In the material below, find the line with "Women Puffer Vest" and the line with "1.線控器cao作:空調(d", then output both and every line between them exactly, omitting pictures.

▶ [RECORDED DATA]
+++

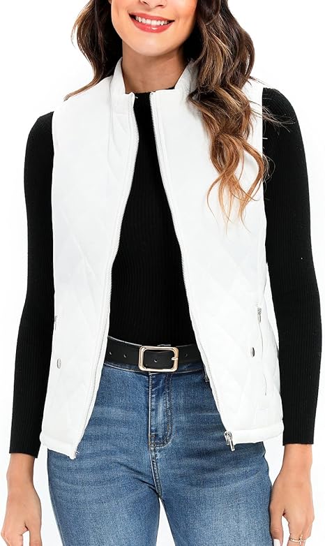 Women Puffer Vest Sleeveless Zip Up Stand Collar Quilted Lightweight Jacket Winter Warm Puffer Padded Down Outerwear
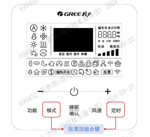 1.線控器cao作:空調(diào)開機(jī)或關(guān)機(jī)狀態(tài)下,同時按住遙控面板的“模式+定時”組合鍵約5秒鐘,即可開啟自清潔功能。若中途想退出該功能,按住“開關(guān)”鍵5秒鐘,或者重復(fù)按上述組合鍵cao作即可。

+++

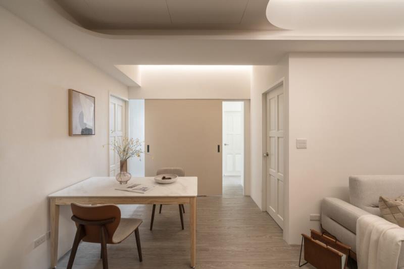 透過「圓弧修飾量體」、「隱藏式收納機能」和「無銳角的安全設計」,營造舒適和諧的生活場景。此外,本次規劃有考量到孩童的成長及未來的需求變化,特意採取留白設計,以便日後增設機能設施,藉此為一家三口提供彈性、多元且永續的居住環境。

+++

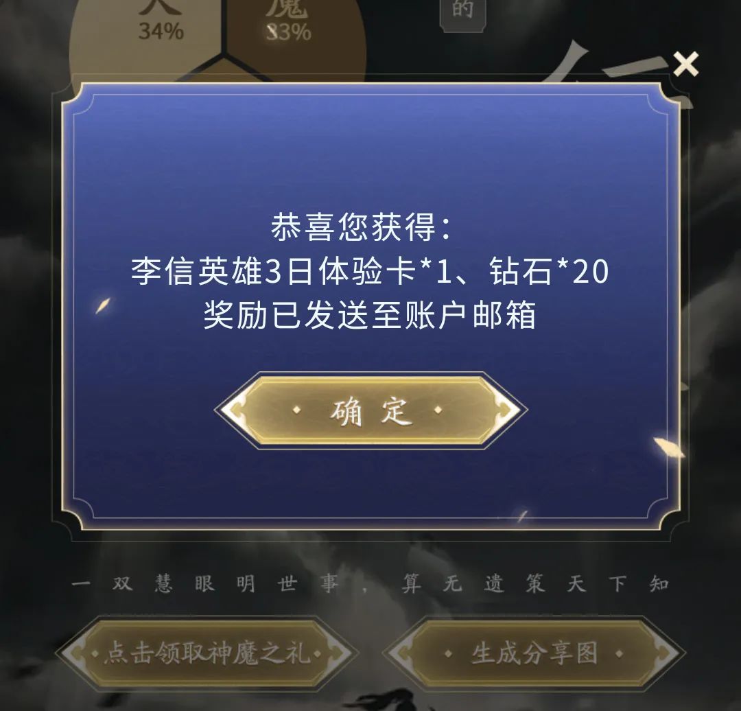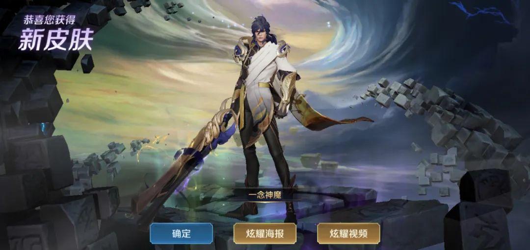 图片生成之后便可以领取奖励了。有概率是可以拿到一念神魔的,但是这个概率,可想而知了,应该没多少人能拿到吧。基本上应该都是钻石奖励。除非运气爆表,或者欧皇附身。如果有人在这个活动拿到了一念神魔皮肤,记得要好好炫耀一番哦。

+++

▶ [EXPECTED ANSWER]
 Women Puffer Vest Sleeveless Zip Up Stand Collar Quilted Lightweight Jacket Winter Warm Puffer Padded Down Outerwear
 1.線控器cao作:空調(diào)開機(jī)或關(guān)機(jī)狀態(tài)下,同時按住遙控面板的“模式+定時”組合鍵約5秒鐘,即可開啟自清潔功能。若中途想退出該功能,按住“開關(guān)”鍵5秒鐘,或者重復(fù)按上述組合鍵cao作即可。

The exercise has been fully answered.